╭─ PROVIDED MATERIAL

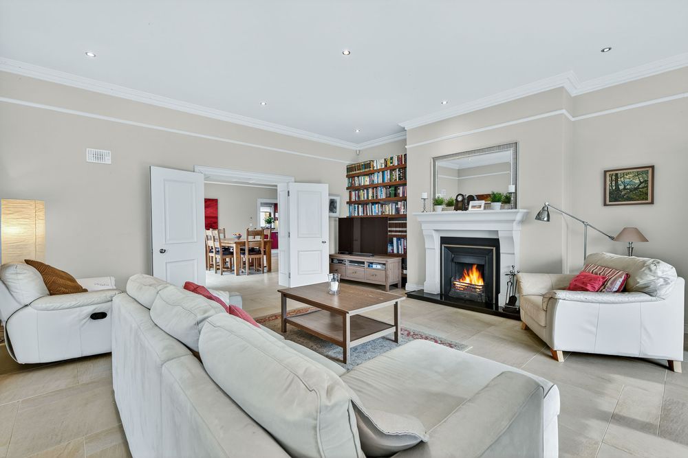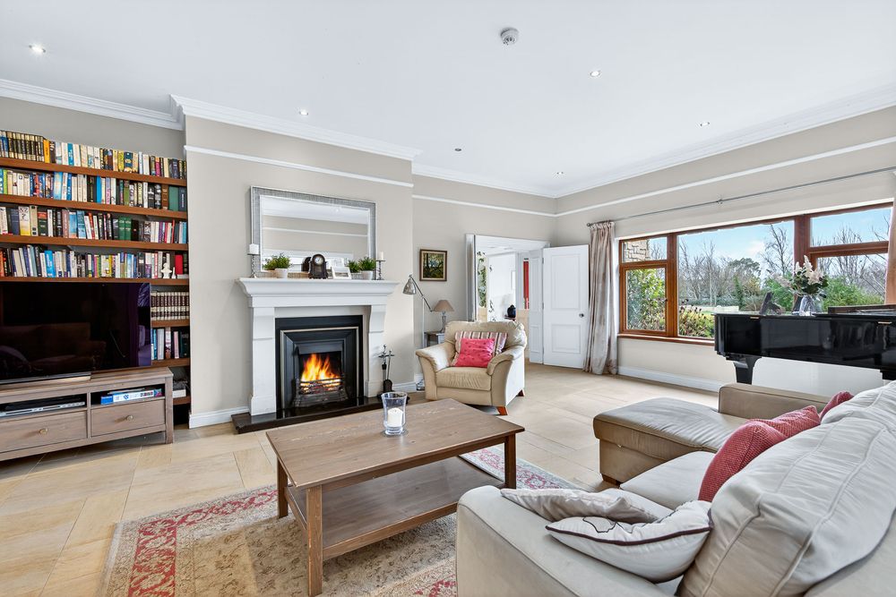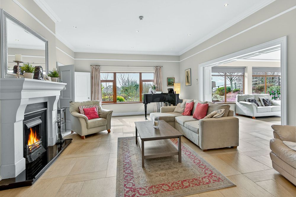 Generous 3m ceiling height, open fireplace with feature surround, south-facing aspect, views towards Sligo bay, double doors to kitchen/dining room and pocket door to sun lounge.
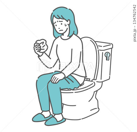 トイレで紙を見て生理やおりもの、血便を確認する女性のイラスト(不正出血・不安)
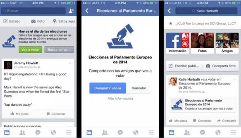 El próximo domingo 25 de mayo Facebook activará el botón ‘Voy a votar’ para ofrecer a los usuarios españoles la oportunidad de votar durante las elecciones al Parlamento Europeo. Al hacer clic en este botón, los usuarios pueden resaltar su condición de votante a sus amigos de Facebook, pero manteniendo el partido en anonimato.
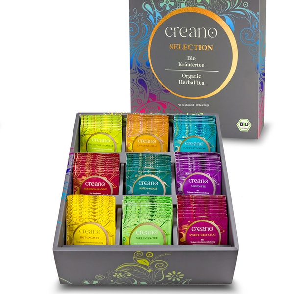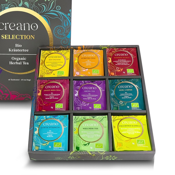 Geniet van 9 zorgvuldig geselecteerde biologische kruidentheeën, perfect voor elk moment van de dag of als een stijlvol cadeau
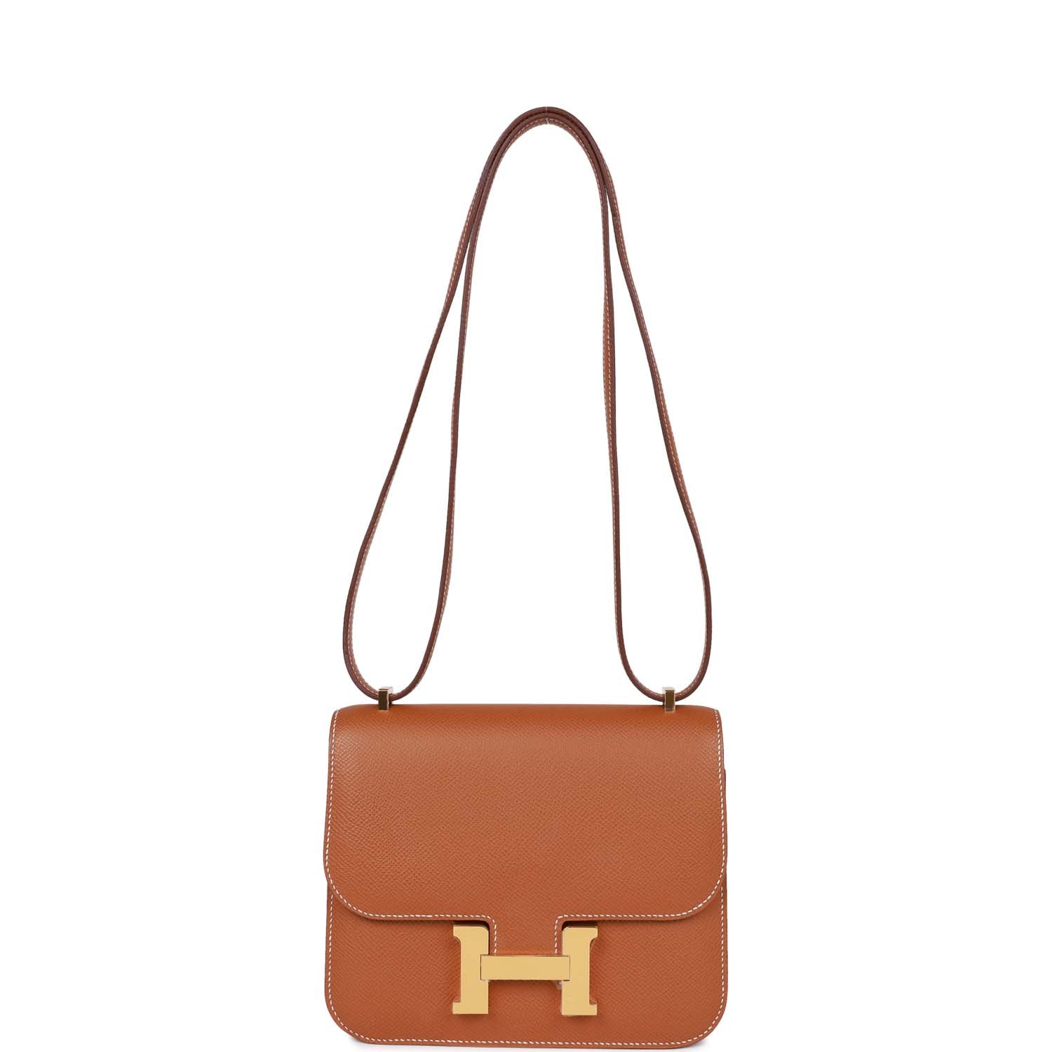 This Constance is in Gold epsom leather with gold hardware and has contrast stitching, a metal "H" snap lock closure and adjustable shoulder strap.

╰─

- [WORK TASK]
Could you write out, word for word, the lines from the one containing "Geniet van 9" through the last line of the records, leaving out the pictures?

- [EXERCISE RESPONSE]
 Geniet van 9 zorgvuldig geselecteerde biologische kruidentheeën, perfect voor elk moment van de dag of als een stijlvol cadeau
 This Constance is in Gold epsom leather with gold hardware and has contrast stitching, a metal "H" snap lock closure and adjustable shoulder strap.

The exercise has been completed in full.